Выбрать главу

В возвышенную сонетную форму врываются смыслы, там прежде не обитавшие: пересылки, бараки, расплевка, рыла, баланды. Иногда они сплетаются здесь с чем-то совершенно для себя невозможным, порождая оксюмороны: баланда — с чечевичной похлебкой, библейской ценой первородства; расплевка — с музой, рыла — с Босхом, а барак оказывается в соседстве с верой и роком, видимо, в силу фонетической близости, как бы гарантирующей семантическую. Иногда же эти сближения имеют реальное обоснование, и на них поэт-этимолог лишь указывает (Аврам и «арам, кочевник»). Напряжение смысла стиха усиливается приведением народной и научной этимологий библейских имен (Исраэль — борющийся с Богом, по народной, Бог защитил, по научной), придающим и то еврейско-русское удвоение, или двойственность, которые вообще присущи этому поэту. Свою профессию этимолога автор высокомерно (в буквальном смысле: меряя высокой мерой), хоть и иронически, рифмует с «Богом» — а что ж тут стесняться, иронизировать? И барочным, и романтическим поэтам было известно, что мир — это книга, сотворенная Богом, а книга настоящая создается так же, по законам творения (нечто из ничего), по тайным следам смыслов, а потому поэт наделен божественным вдохновением, силой и властью: «Ты Бог — живи один!» — по Пушкину, «Восстань, восстань и вспомни: сам ты Бог!» — по Баратынскому, и уж во всяком случае он никак не меньше пророка.

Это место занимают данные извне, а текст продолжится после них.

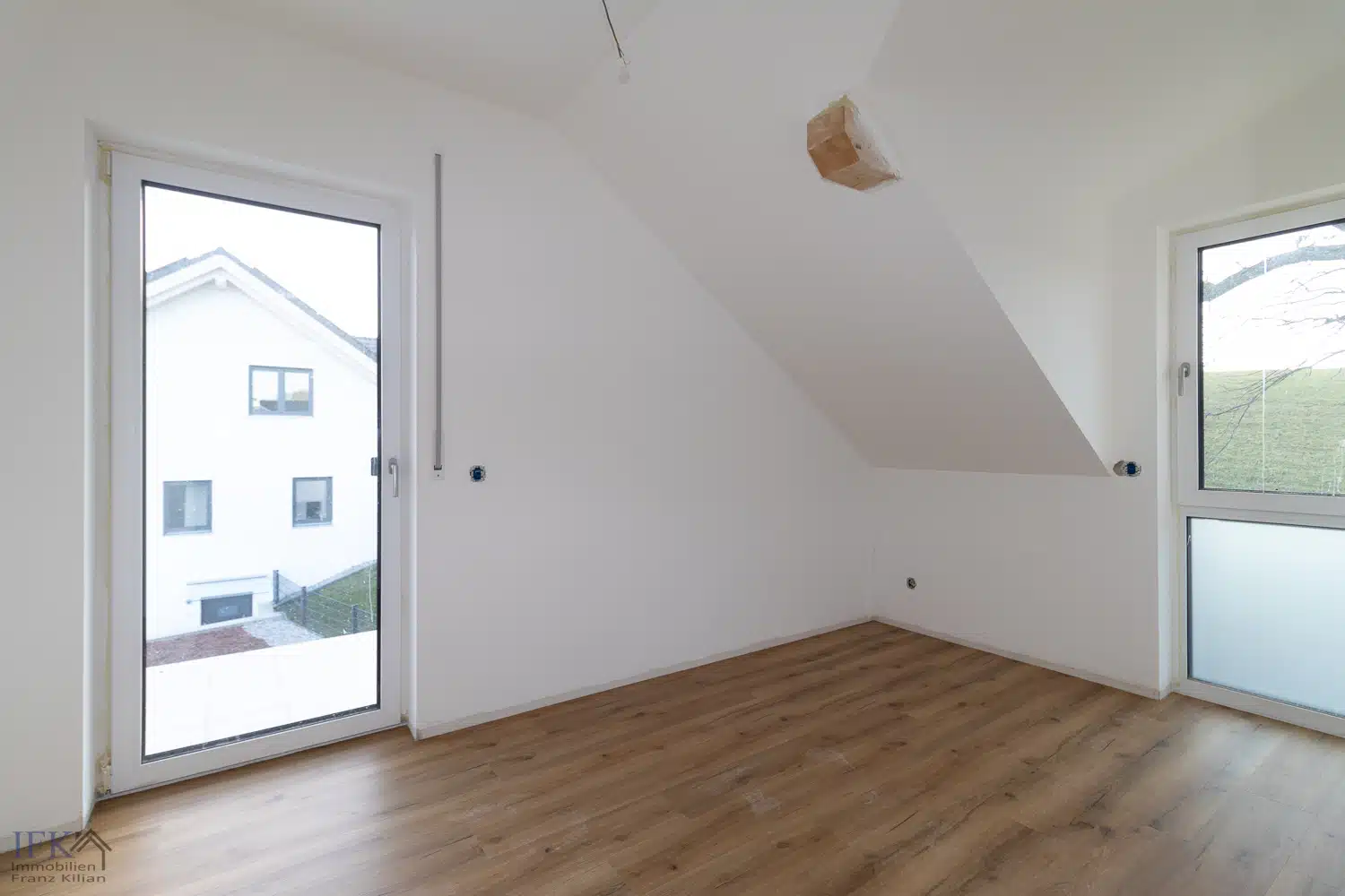 Den traumhaften, unverbaubaren Weitblick ins Grüne Richtung Weilheim und die Gebirgskette können Sie durch große Fensterflächen sowie auf dem ausladenden Balkon geniessen.

Тут и иудейские коннотации на месте: «С Израилем певцу один закон: / Да не творит себе кумира он». В этом данного поэта никак не обвинишь — он даже Известно Кого называет за непроизносимость имени «знаменитым анонимом», обвиняет в неправоте, заступаясь как истинный последний рыцарь за сестер по классу поэтов («О, Боже правый, ты не прав»). Что уж говорить о других! В «Стихах о русской поэзии ушедшего века» предстает его избранный литературный иконостас, с каждым из персонажей которого (Цветаева—Ахматова—Мандельштам—Пастернак—Бродский—Брюсов—Блок—Хлебников—Белый— Маяковский—Есенин—Гумилев) поэт без излишнего пиетета, хотя и с горьким сочувствием-пониманием, ведет диалог о судьбе, очень русской судьбе.

Его собственная двойственность («не здешних лесов наше древо») побуждает размышлять «о причине зачем еврей», но постепенно, по мере погружения в тексты можно обнаружить, что «судьбе-индейке» противостоит «свобода-иудейка».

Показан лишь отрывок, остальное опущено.